Task statement: Find the word "qiáng" in the listing. Copy out each line where it occurs.

Available data:

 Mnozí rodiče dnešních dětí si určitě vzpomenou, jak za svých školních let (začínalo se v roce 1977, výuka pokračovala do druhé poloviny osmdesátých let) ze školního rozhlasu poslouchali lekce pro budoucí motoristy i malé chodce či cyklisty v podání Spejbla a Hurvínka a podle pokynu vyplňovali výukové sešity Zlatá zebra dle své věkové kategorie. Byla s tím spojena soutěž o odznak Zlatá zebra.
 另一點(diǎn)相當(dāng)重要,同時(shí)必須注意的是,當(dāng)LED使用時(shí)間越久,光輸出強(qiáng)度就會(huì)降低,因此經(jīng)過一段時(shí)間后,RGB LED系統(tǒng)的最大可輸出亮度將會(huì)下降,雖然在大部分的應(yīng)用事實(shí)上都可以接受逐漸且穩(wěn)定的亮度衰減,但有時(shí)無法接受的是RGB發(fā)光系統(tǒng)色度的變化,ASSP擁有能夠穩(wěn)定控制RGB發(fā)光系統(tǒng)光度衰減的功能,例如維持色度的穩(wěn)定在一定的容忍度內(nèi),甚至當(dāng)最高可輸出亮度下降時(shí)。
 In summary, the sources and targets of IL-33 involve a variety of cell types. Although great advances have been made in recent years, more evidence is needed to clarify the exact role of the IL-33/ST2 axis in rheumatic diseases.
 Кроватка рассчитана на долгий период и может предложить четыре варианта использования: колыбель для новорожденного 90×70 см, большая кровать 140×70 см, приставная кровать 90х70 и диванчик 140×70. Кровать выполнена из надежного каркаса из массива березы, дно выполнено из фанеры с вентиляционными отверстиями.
...
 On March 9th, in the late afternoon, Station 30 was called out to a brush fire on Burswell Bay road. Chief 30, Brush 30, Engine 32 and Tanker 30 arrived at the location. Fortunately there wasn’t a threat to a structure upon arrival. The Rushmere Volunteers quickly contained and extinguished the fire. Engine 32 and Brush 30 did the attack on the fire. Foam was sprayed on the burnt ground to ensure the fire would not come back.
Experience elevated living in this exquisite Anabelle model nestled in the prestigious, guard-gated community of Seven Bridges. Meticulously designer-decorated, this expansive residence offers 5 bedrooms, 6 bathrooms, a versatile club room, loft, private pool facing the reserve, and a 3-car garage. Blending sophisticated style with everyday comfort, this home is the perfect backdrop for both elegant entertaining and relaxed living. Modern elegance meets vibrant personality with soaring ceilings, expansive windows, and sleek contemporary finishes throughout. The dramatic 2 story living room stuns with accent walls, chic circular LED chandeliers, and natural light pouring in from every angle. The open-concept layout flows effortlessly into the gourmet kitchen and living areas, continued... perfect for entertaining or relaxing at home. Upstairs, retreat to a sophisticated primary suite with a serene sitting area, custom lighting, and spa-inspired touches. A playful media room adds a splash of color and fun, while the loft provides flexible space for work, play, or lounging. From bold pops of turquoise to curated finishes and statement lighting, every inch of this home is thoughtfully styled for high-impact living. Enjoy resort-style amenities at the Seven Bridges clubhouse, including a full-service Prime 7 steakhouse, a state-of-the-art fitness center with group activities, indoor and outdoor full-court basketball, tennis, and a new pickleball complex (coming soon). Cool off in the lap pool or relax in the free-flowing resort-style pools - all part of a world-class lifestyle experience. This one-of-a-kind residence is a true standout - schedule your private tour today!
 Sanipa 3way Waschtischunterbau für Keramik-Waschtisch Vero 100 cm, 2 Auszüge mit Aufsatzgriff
* * *
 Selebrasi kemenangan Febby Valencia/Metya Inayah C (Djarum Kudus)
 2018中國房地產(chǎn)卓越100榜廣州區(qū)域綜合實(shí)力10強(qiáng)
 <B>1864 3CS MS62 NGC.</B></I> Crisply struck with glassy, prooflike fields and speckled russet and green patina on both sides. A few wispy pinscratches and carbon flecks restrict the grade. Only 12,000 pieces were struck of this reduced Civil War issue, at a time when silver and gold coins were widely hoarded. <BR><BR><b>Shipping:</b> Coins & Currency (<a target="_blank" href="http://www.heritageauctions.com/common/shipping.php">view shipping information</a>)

Exercise result:
 另一點(diǎn)相當(dāng)重要,同時(shí)必須注意的是,當(dāng)LED使用時(shí)間越久,光輸出強(qiáng)度就會(huì)降低,因此經(jīng)過一段時(shí)間后,RGB LED系統(tǒng)的最大可輸出亮度將會(huì)下降,雖然在大部分的應(yīng)用事實(shí)上都可以接受逐漸且穩(wěn)定的亮度衰減,但有時(shí)無法接受的是RGB發(fā)光系統(tǒng)色度的變化,ASSP擁有能夠穩(wěn)定控制RGB發(fā)光系統(tǒng)光度衰減的功能,例如維持色度的穩(wěn)定在一定的容忍度內(nèi),甚至當(dāng)最高可輸出亮度下降時(shí)。
 2018中國房地產(chǎn)卓越100榜廣州區(qū)域綜合實(shí)力10強(qiáng)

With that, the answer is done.